• Try it: From the listing below, output the lines between the one with "Couverture et 2" and the one with "Paire de Colonnes", including those two, and nothing else. Pictures are not copied.

• Records for processing:
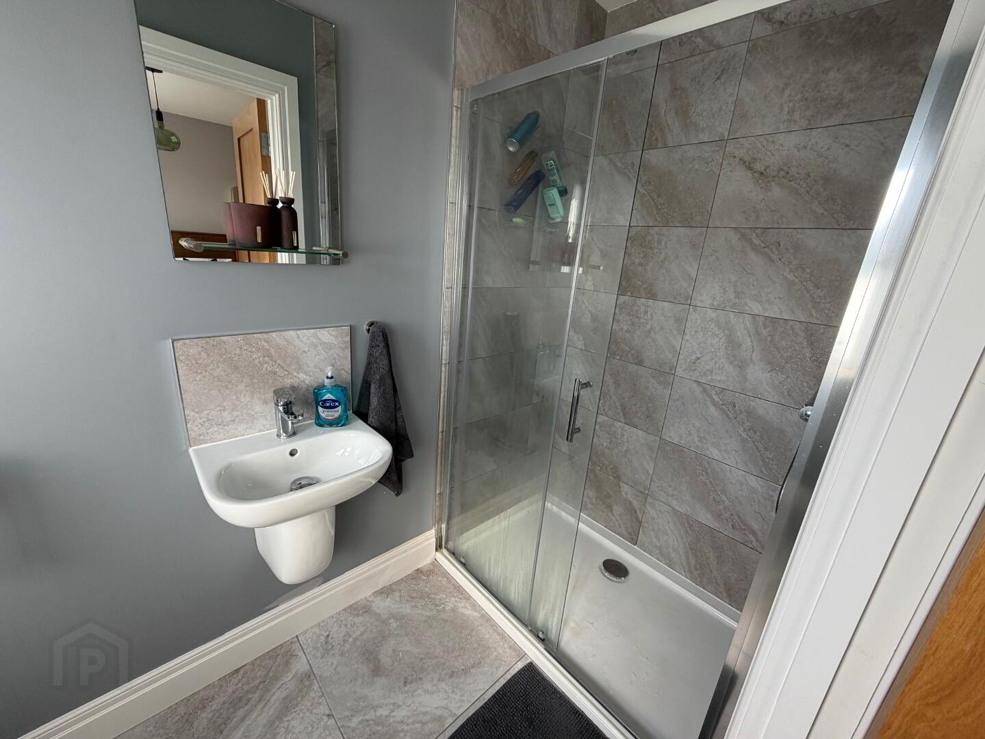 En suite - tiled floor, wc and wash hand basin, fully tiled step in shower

---

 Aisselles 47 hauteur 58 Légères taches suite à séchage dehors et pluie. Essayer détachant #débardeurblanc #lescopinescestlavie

---

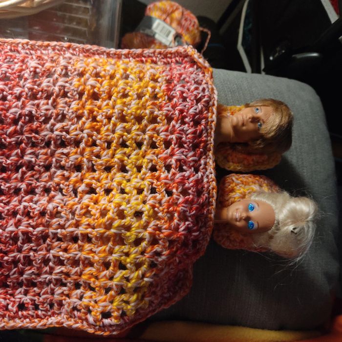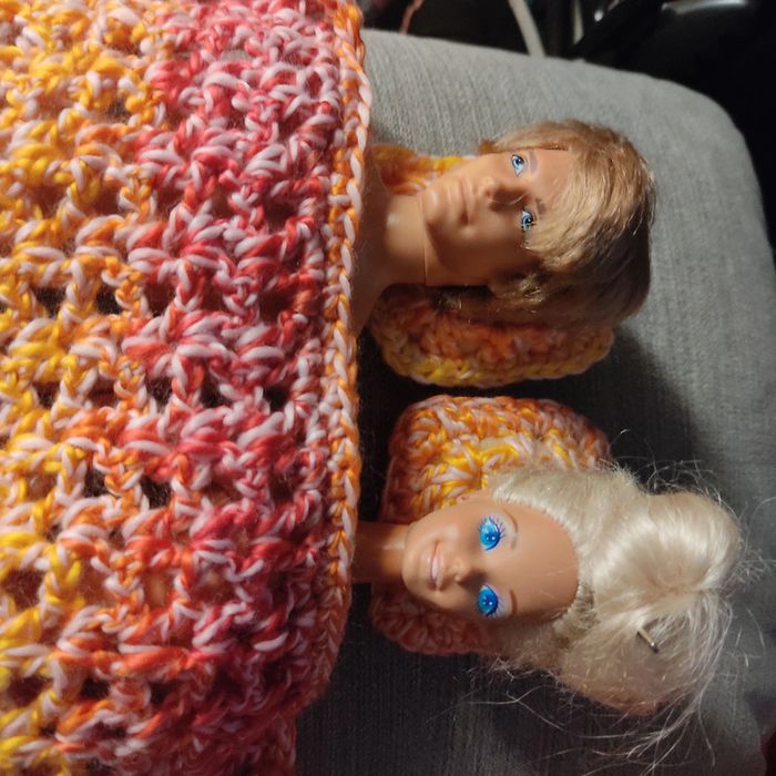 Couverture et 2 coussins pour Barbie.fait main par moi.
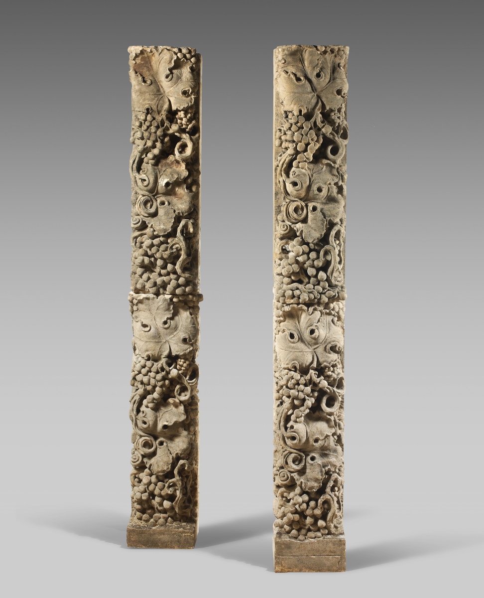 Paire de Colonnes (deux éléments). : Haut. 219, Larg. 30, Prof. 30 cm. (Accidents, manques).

• Task result:
 Couverture et 2 coussins pour Barbie.fait main par moi.
 Paire de Colonnes (deux éléments). : Haut. 219, Larg. 30, Prof. 30 cm. (Accidents, manques).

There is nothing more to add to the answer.